The non-canonical Wnt/Ca²⁺ pathway is the most complex of the three Wnt pathways. This pathway regulates intracellular Ca levels, by releasing intracellular Ca by the endoplasmic reticulum and consequent activation of Ca-sensitive enzymes, which causes the activation of transcription factors. More specifically, the non-canonical Wnt protein binding to their frizzled receptor, and acting directly on Dsh and trimeric Gα/Gβ/GƳ, leads to the activation of PLC and PDE. PLC, by PIP2 cleavage, generates IP3 and DAG. IP3 binds to its receptor in the endoplasmic reticulum and releases Ca from intracellular stores.

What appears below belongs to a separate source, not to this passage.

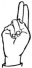 На ћирилици написано КРСТИМИР ЧАЈЕТИНАЦ састоји се из 17 слова [?]. Исписано ћириличном једноручном азбуком за глувонеме:

Ca release activates several Ca-sensitive enzymes, such as CamKII, CaCN, and PKC, and subsequently the activation of cAMP response element binding protein, NF-κB, and NAFT (Figure 2). Activated NAFT translocates into the nucleus to regulate the expression of target genes involved in cell adhesion, migration, and other functional aspects. On the other hand, DAG activates PKC and subsequently MAPKs involved in a variety of physiological processes [68, 72, 84, 86, 87].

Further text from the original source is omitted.